# WHAT IS EXPECTED
Word for word, copy out the data below, omitting pictures.

# DATASET EXTRACT
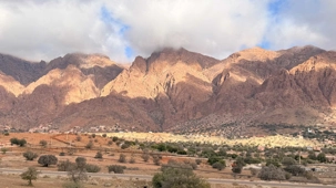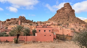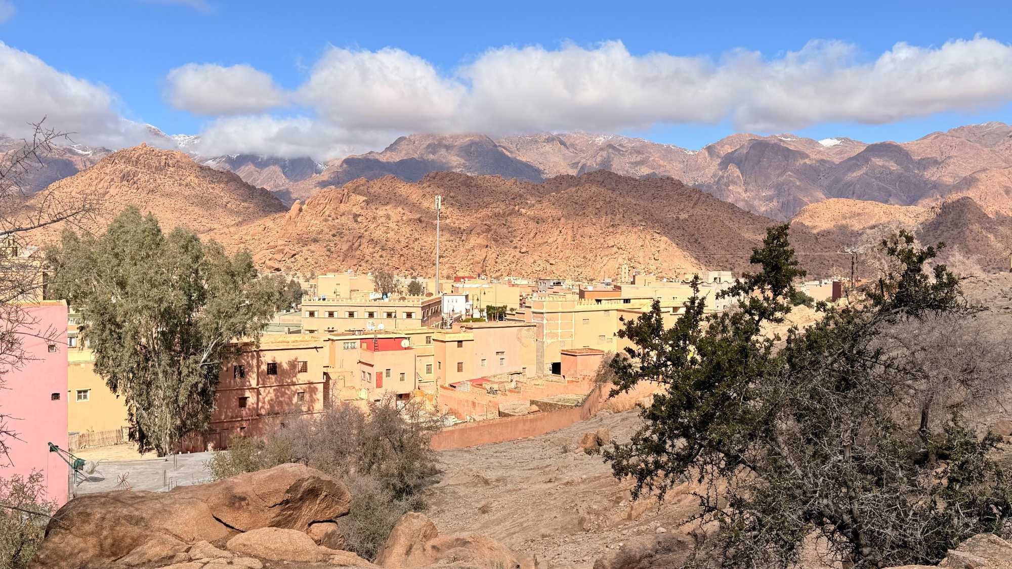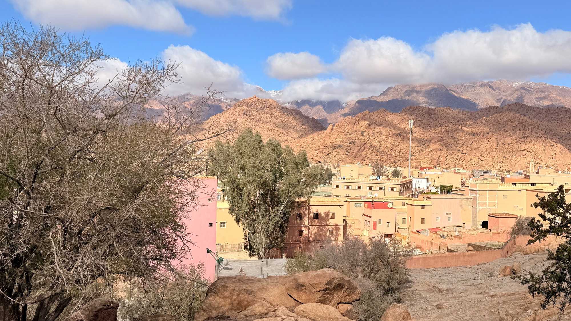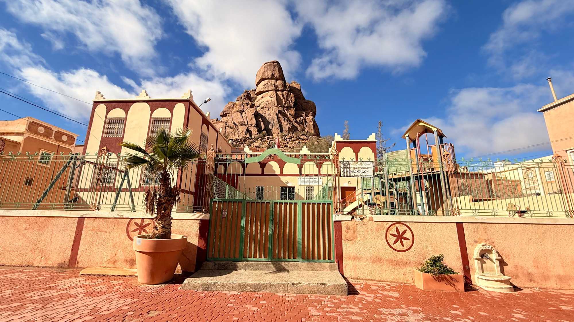 L’arrivée à Tafraoute est un véritable choc visuel. Blottie à 1 200 mètres d’altitude, la ville semble se cacher entre les montagnes de l’Anti-Atlas, comme le suggère si bien son nom. Le granit rose qui l’entoure embrase le paysage, et l’on devine sans peine pourquoi le coucher du soleil y est réputé magique. Les maisons ocre, harmonieusement fondues dans la montagne, se dispersent entre amandiers, arganiers et palmiers, donnant à la ville une douceur presque irréelle.
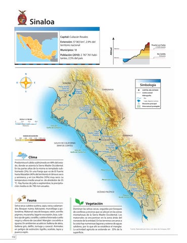 Vegetación Dominan las selvas secas, seguidas por bosques de coníferas y encinos que se ubican en las zonas montañosas de la Sierra Madre Occidental. Los matorrales se encuentran en la zona árida del noroeste de la entidad. En los terrenos cercanos a la costa hay numerosas lagunas y esteros de aguas salobres, por lo que ahí se establece el manglar. La actividad agrícola se extiende en 35% de la superficie.
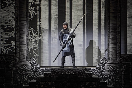 Gurnemanz ist hier nicht der väterliche, balsamische Greis, sondern ein viriler und durchaus aggressiver Gralsritter, ein Primus inter Pares. Bevor Kundry ihren ersten Auftritt hat, rasen einige Doubles von ihr durchs Opernhaus, um fast zeitgleich an verschiedenen Orten aufzutauchen. Amfortas, mit einem halboffenen, weißen Gewand und einem roten Mantel bekleidet, tritt hier nicht als siechender, tödlich verwundeter Gralskönig auf, der nicht sterben kann, sondern mehr als tyrannischer Despot, der sich in seinem Leiden suhlt. Gurnemanz öffnet während seiner langen Erzählung eine Tür der Holzhütte und man sieht eine stilisierte Kundry neben einem Amfortas-Torso, der vom Speer getroffen ist. Das ist wieder mal typisches Fingerzeig-Theater, wo dem Publikum der Inhalt noch einmal plastisch vor Augen geführt wird, damit man auch ja den Sinn des Werkes versteht. Von der Bühne kommt dann eine teuflische Figur mit Flügeln herab und bringt den Gral, die Schale und den Speer genau an der Stelle, wo Gurnemanz erzählt, wie Amfortas diesen an Klingsor verloren hat. Und so ist der erste Aufzug sehr symbolüberladen.
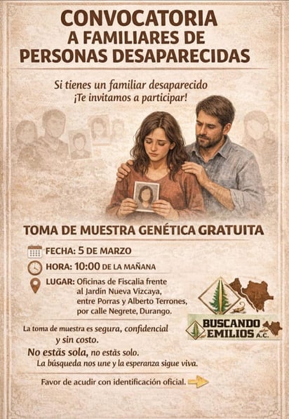 En Durango, la asociación Buscando Emilios está realizando una convocatoria en todo el estado para que las familias que tengan un familiar desaparecido o no localizado puedan acudir a una campaña gratuita de toma de muestras genéticas.
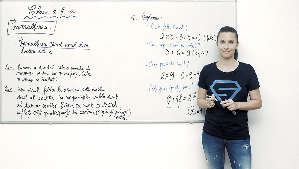 Video despre aplicarea înmulțirii cu doi în situații reale, cum ar fi tricotarea mănușilor, organizarea unei serbări și numărarea participanților. Lecția explică pas cu pas cum se calculează dublul numerelor în probleme descriptive, folosind adunarea repetată și ordinea factorilor pentru calcule rapide și corecte. Exemplele ajută copiii să vadă matematica în activitățile de zi cu zi.
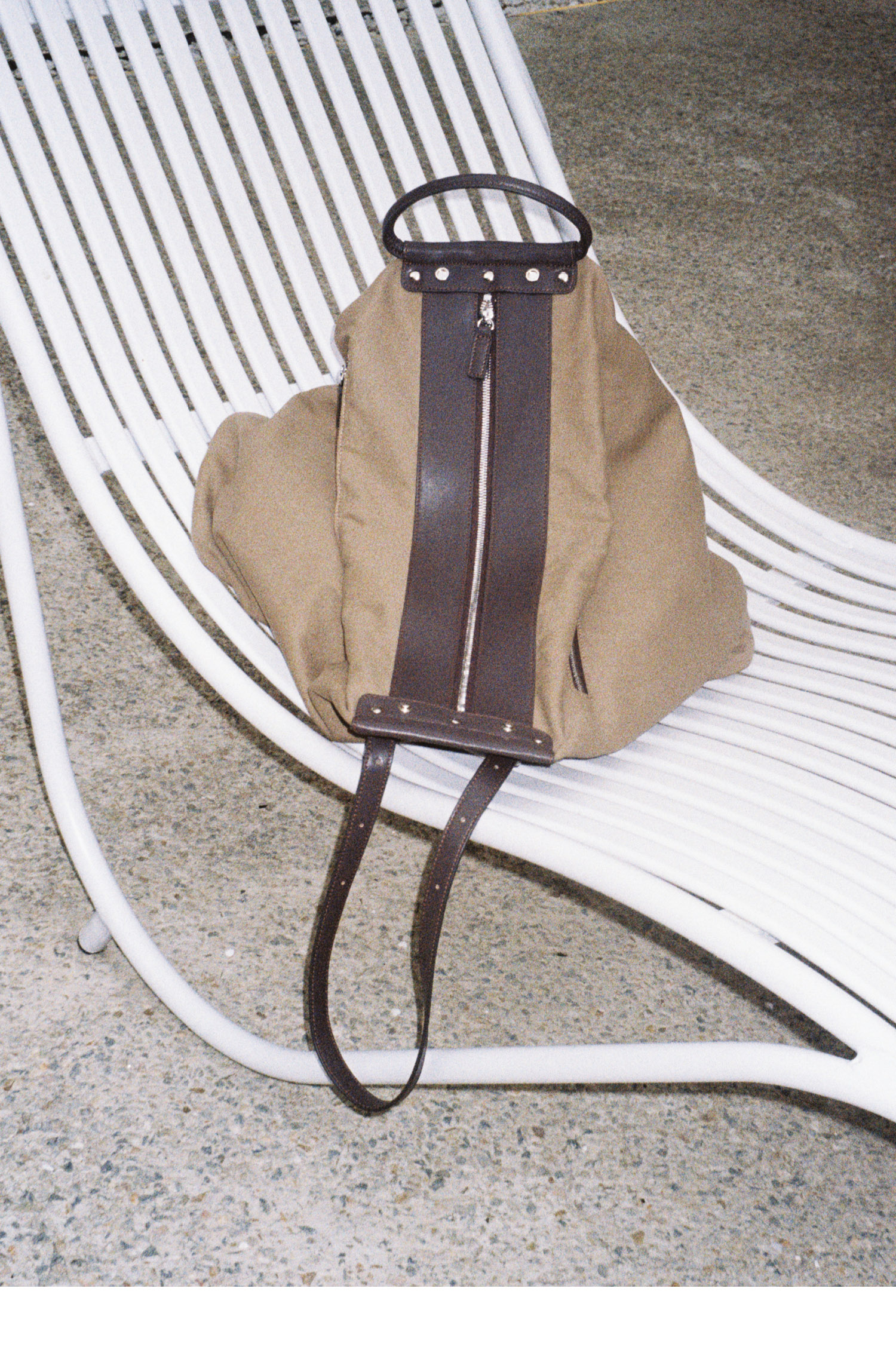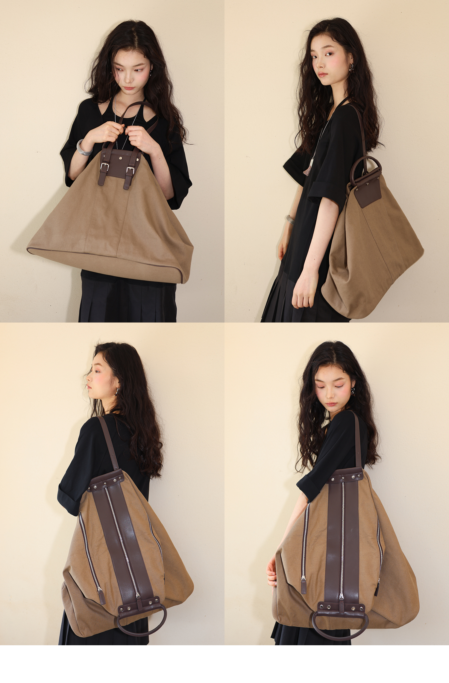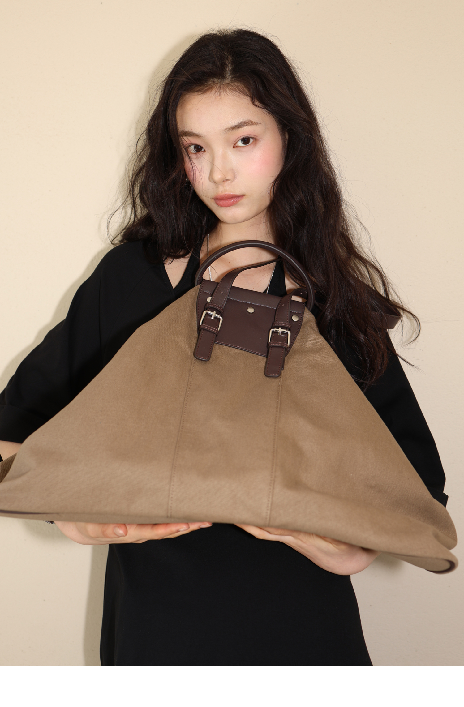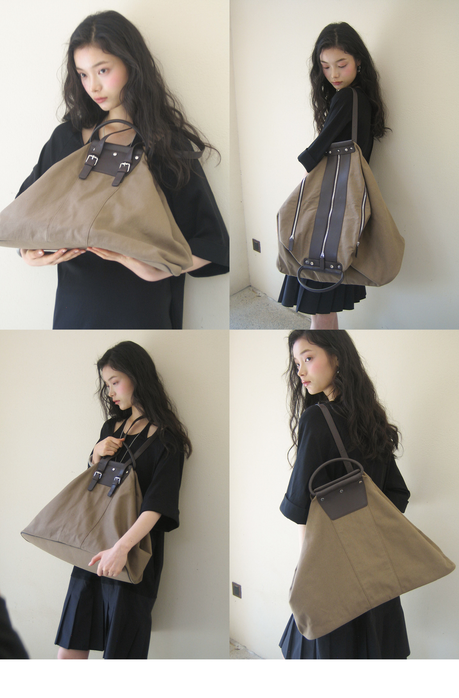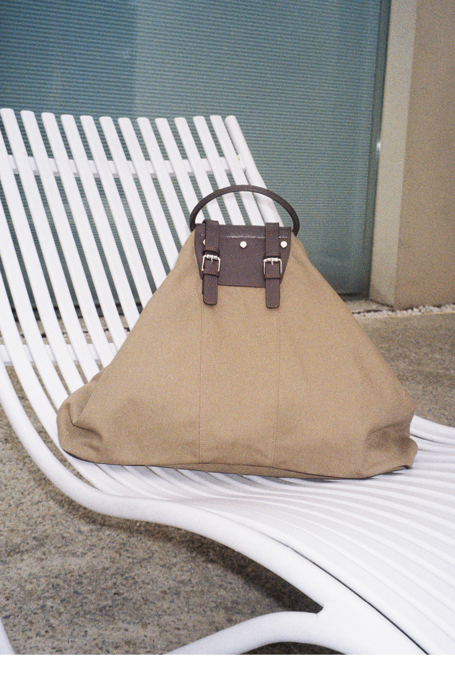 素舶 棕绿色帆布拼二层牛皮行囊通勤托特包
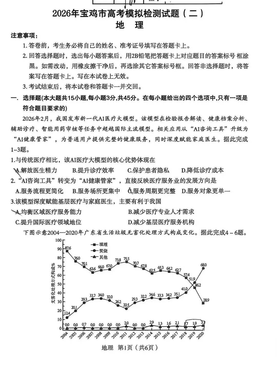 2026陕西宝鸡高考模拟检测试卷二 地理试卷
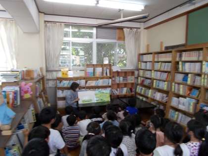 学校図書館司書の辻上先生に、「そらまめさんの おうち」という絵本の読み聞かせをしてもらいました。子どもたちは、誰が登場するのか、次は何が起こるのか、わくわくしながら聞いていました。これからも、たくさん本を読んでほしいなと思います。
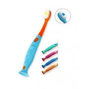 Szczoteczkę charakteryzuje kształt dostosowany do dziecka. Rączka z łatwością mieści się w dłoni, maskotka i przyssawka na jej końcu zapewniają dobrą zabawę przy myciu zębów. Szczoteczka jest zakończona małą główką i delikatnymi włóknami dzięki czemu z łatwością mieści się w ustach dziecka i nie powoduje podrażnień dziąseł.
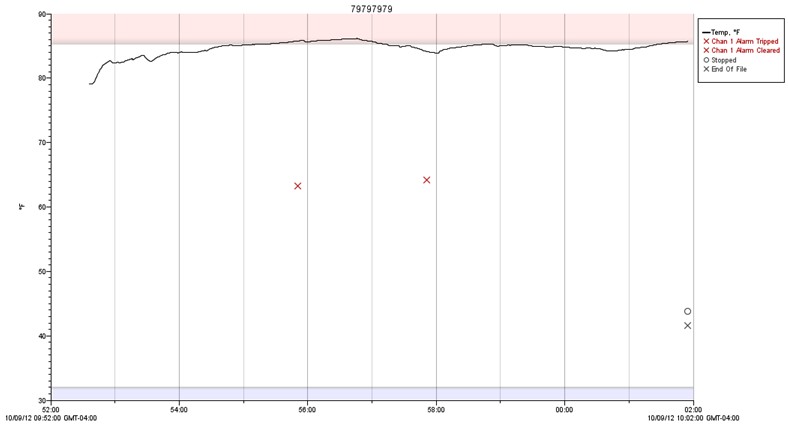 當你讀出記錄儀,高低溫報警值將顯示在圖上。 在下面的例子中,溫度升高到高于85°F等等這些讀數是在紅色,或高報警,劇情部分。 溫度不會低于報警低限,這是劇情的底部的藍色部分。 UX100系列數據采集器也顯示報警事件顯示,當報警被觸發(如果適用的清除)。 在這個例子中,有“查看1報警跳閘”和“查看1報警清除”事件顯示,當溫度報警跳閘和清除。 在“通道1報警清除”事件包含了最遠超出范圍的傳感器之前的報警清除(見分表實際值)的值。
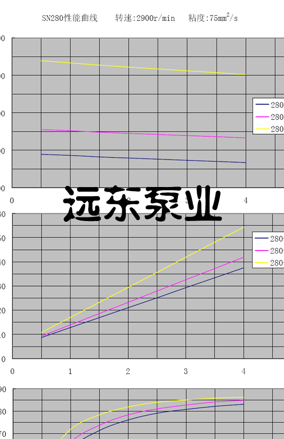 SN280三螺桿泵(SNH280三螺桿泵,SNF280三螺桿泵,SNS280三螺桿泵)轉(zhuǎn)速2900性能曲線圖
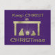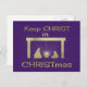 Scène nativité simple, arrière - plan violet foncé, silhouette dorée ombragée. Bébé Jésus accentué de poutres de lumière. Gardez CHRIST dans CHRISTmas. Il est moins cher de poster des cartes que les cartes ordinaires.
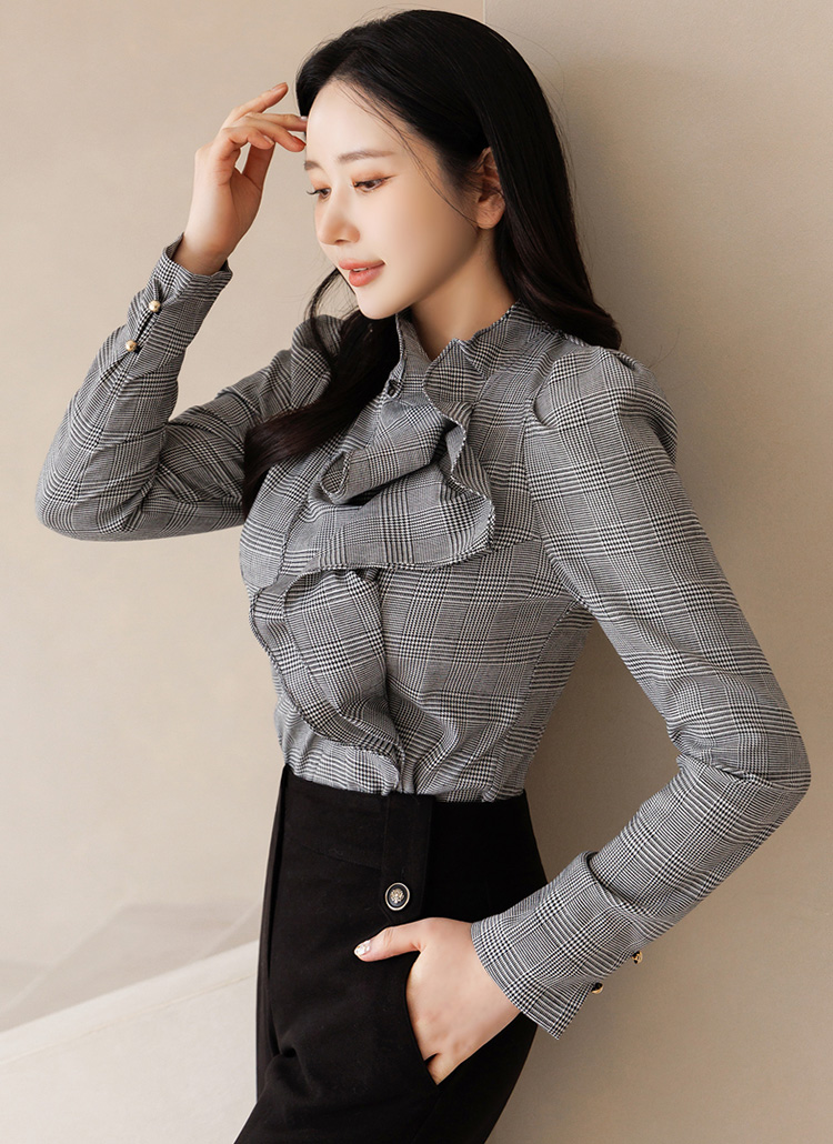 우아함과 세련미를 강조한 체크 블라우스에요 :)
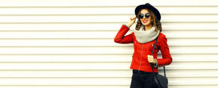 Stylish young girl in fashionable clothes and black hat smiling to the camera, posing on the city street. Real people lifestyle.
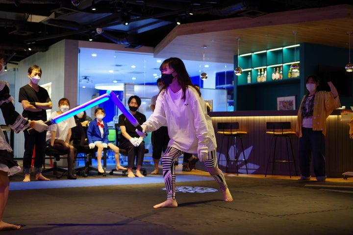 参加者はスマートフォンと特殊な刀を使って戦います。
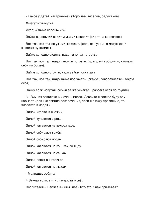 3 - Зимних развлечений очень много. Давайте я сейчас буду вам называть разные зимние развлечения, если я скажу правильно, то хлопайте в ладоши:
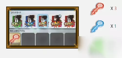 然后讲一下纹章的刻印方法: FGO中每一个从者都有5张配合,而纹章就是刻印在这5张卡上,赋予这些配合额外的效果。(每一张卡都可以刻印一个纹章) 所以一个从者刻印满纹章应该是需要5个纹章的,每一个纹章刻印前都需要用对应颜色的钥匙解锁刻槽。

# TASK OUTPUT
 L’arrivée à Tafraoute est un véritable choc visuel. Blottie à 1 200 mètres d’altitude, la ville semble se cacher entre les montagnes de l’Anti-Atlas, comme le suggère si bien son nom. Le granit rose qui l’entoure embrase le paysage, et l’on devine sans peine pourquoi le coucher du soleil y est réputé magique. Les maisons ocre, harmonieusement fondues dans la montagne, se dispersent entre amandiers, arganiers et palmiers, donnant à la ville une douceur presque irréelle.
 Vegetación Dominan las selvas secas, seguidas por bosques de coníferas y encinos que se ubican en las zonas montañosas de la Sierra Madre Occidental. Los matorrales se encuentran en la zona árida del noroeste de la entidad. En los terrenos cercanos a la costa hay numerosas lagunas y esteros de aguas salobres, por lo que ahí se establece el manglar. La actividad agrícola se extiende en 35% de la superficie.
 Gurnemanz ist hier nicht der väterliche, balsamische Greis, sondern ein viriler und durchaus aggressiver Gralsritter, ein Primus inter Pares. Bevor Kundry ihren ersten Auftritt hat, rasen einige Doubles von ihr durchs Opernhaus, um fast zeitgleich an verschiedenen Orten aufzutauchen. Amfortas, mit einem halboffenen, weißen Gewand und einem roten Mantel bekleidet, tritt hier nicht als siechender, tödlich verwundeter Gralskönig auf, der nicht sterben kann, sondern mehr als tyrannischer Despot, der sich in seinem Leiden suhlt. Gurnemanz öffnet während seiner langen Erzählung eine Tür der Holzhütte und man sieht eine stilisierte Kundry neben einem Amfortas-Torso, der vom Speer getroffen ist. Das ist wieder mal typisches Fingerzeig-Theater, wo dem Publikum der Inhalt noch einmal plastisch vor Augen geführt wird, damit man auch ja den Sinn des Werkes versteht. Von der Bühne kommt dann eine teuflische Figur mit Flügeln herab und bringt den Gral, die Schale und den Speer genau an der Stelle, wo Gurnemanz erzählt, wie Amfortas diesen an Klingsor verloren hat. Und so ist der erste Aufzug sehr symbolüberladen.
 En Durango, la asociación Buscando Emilios está realizando una convocatoria en todo el estado para que las familias que tengan un familiar desaparecido o no localizado puedan acudir a una campaña gratuita de toma de muestras genéticas.
 Video despre aplicarea înmulțirii cu doi în situații reale, cum ar fi tricotarea mănușilor, organizarea unei serbări și numărarea participanților. Lecția explică pas cu pas cum se calculează dublul numerelor în probleme descriptive, folosind adunarea repetată și ordinea factorilor pentru calcule rapide și corecte. Exemplele ajută copiii să vadă matematica în activitățile de zi cu zi.
 素舶 棕绿色帆布拼二层牛皮行囊通勤托特包
 2026陕西宝鸡高考模拟检测试卷二 地理试卷
 学校図書館司書の辻上先生に、「そらまめさんの おうち」という絵本の読み聞かせをしてもらいました。子どもたちは、誰が登場するのか、次は何が起こるのか、わくわくしながら聞いていました。これからも、たくさん本を読んでほしいなと思います。
 Szczoteczkę charakteryzuje kształt dostosowany do dziecka. Rączka z łatwością mieści się w dłoni, maskotka i przyssawka na jej końcu zapewniają dobrą zabawę przy myciu zębów. Szczoteczka jest zakończona małą główką i delikatnymi włóknami dzięki czemu z łatwością mieści się w ustach dziecka i nie powoduje podrażnień dziąseł.
 當你讀出記錄儀,高低溫報警值將顯示在圖上。 在下面的例子中,溫度升高到高于85°F等等這些讀數是在紅色,或高報警,劇情部分。 溫度不會低于報警低限,這是劇情的底部的藍色部分。 UX100系列數據采集器也顯示報警事件顯示,當報警被觸發(如果適用的清除)。 在這個例子中,有“查看1報警跳閘”和“查看1報警清除”事件顯示,當溫度報警跳閘和清除。 在“通道1報警清除”事件包含了最遠超出范圍的傳感器之前的報警清除(見分表實際值)的值。
 SN280三螺桿泵(SNH280三螺桿泵,SNF280三螺桿泵,SNS280三螺桿泵)轉(zhuǎn)速2900性能曲線圖
 Scène nativité simple, arrière - plan violet foncé, silhouette dorée ombragée. Bébé Jésus accentué de poutres de lumière. Gardez CHRIST dans CHRISTmas. Il est moins cher de poster des cartes que les cartes ordinaires.
 우아함과 세련미를 강조한 체크 블라우스에요 :)
 Stylish young girl in fashionable clothes and black hat smiling to the camera, posing on the city street. Real people lifestyle.
 参加者はスマートフォンと特殊な刀を使って戦います。
 3 - Зимних развлечений очень много. Давайте я сейчас буду вам называть разные зимние развлечения, если я скажу правильно, то хлопайте в ладоши:
 然后讲一下纹章的刻印方法: FGO中每一个从者都有5张配合,而纹章就是刻印在这5张卡上,赋予这些配合额外的效果。(每一张卡都可以刻印一个纹章) 所以一个从者刻印满纹章应该是需要5个纹章的,每一个纹章刻印前都需要用对应颜色的钥匙解锁刻槽。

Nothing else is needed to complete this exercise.